#### INFORMATION SUPPLIED:
- - - - -
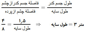 اگر یک نوجوان به قد 1/5 متر در 4 متری یک شعلۀ شمع بایستد، سایۀ آن روی دیواری که در 8 متری شعلۀ شمع است، چند متر خواهد بود؟
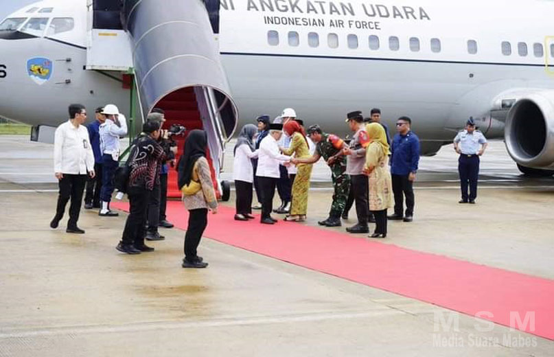 MahesaMediaCenter, Palangka Raya – Pangdam XII/Tanjungpura Mayjen TNI Iwan Setiawan, S.E., M.M., menyambut kedatangan Wakil Presiden RI Prof. Dr. (H.C.) K. H. Ma’ruf Amin dan Ibu Hj. Wury Estu Ma’ruf Amin beserta rombongan di Bandara Tjilik Riwut, Kota Palangka Raya, Kalimantan Tengah.
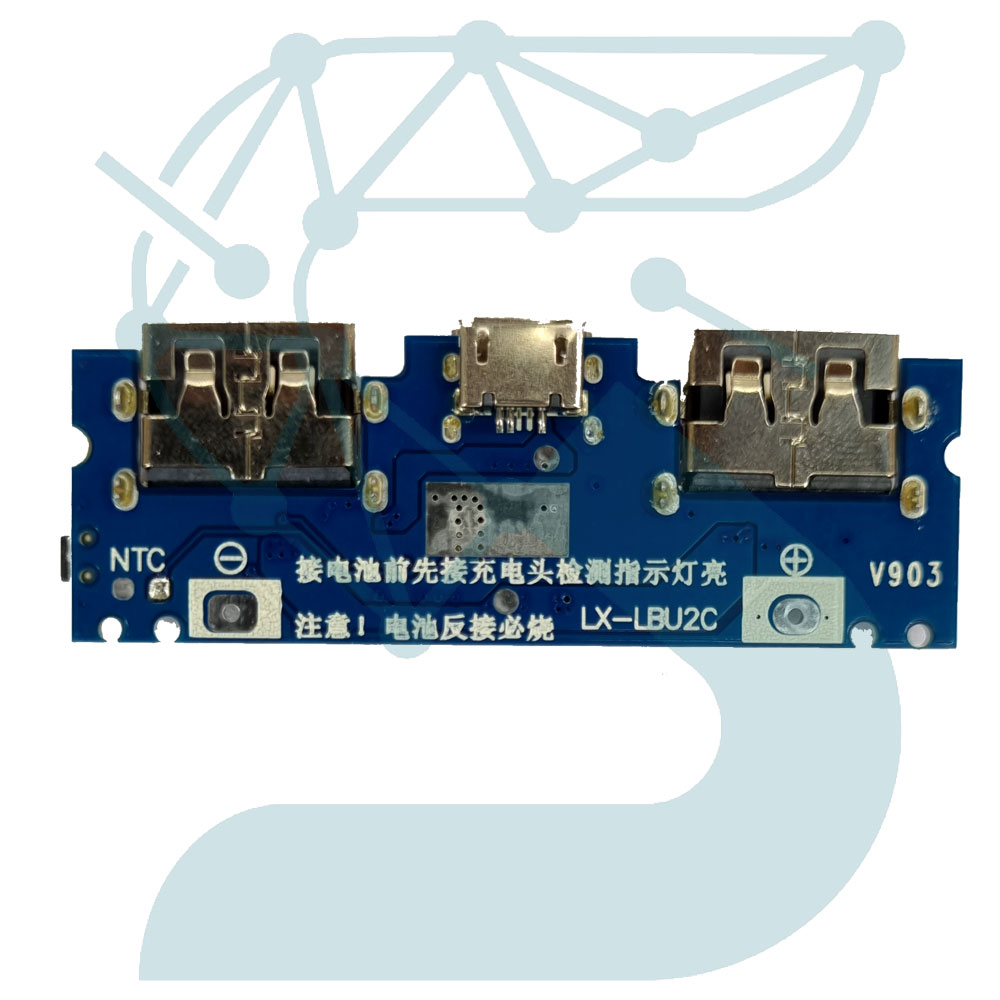 ماژول LX-LBU2C یک برد جمع‌وجور و کاربردی برای ساخت پاوربانک با استفاده از سلول لیتیوم یون (18650 یا مشابه) است. این ماژول علاوه‌بر ارائه دو خروجی USB-A برای شارژ همزمان دو دستگاه، قابلیت شارژ باتری از طریق هر دو پورت Micro USB و Type-C را دارد. همچنین مدار حفاظت و نمایشگر LED برای کنترل وضعیت باتری روی برد تعبیه شده تا هم امنیت و هم کاربری آسان را در یک محصول اقتصادی فراهم کند.
- - - - -
#### THE PROBLEM:
Write the listing again exactly, duplicating every line and skipping the pictures.

#### EXERCISE RESPONSE:
 اگر یک نوجوان به قد 1/5 متر در 4 متری یک شعلۀ شمع بایستد، سایۀ آن روی دیواری که در 8 متری شعلۀ شمع است، چند متر خواهد بود؟
 MahesaMediaCenter, Palangka Raya – Pangdam XII/Tanjungpura Mayjen TNI Iwan Setiawan, S.E., M.M., menyambut kedatangan Wakil Presiden RI Prof. Dr. (H.C.) K. H. Ma’ruf Amin dan Ibu Hj. Wury Estu Ma’ruf Amin beserta rombongan di Bandara Tjilik Riwut, Kota Palangka Raya, Kalimantan Tengah.
 ماژول LX-LBU2C یک برد جمع‌وجور و کاربردی برای ساخت پاوربانک با استفاده از سلول لیتیوم یون (18650 یا مشابه) است. این ماژول علاوه‌بر ارائه دو خروجی USB-A برای شارژ همزمان دو دستگاه، قابلیت شارژ باتری از طریق هر دو پورت Micro USB و Type-C را دارد. همچنین مدار حفاظت و نمایشگر LED برای کنترل وضعیت باتری روی برد تعبیه شده تا هم امنیت و هم کاربری آسان را در یک محصول اقتصادی فراهم کند.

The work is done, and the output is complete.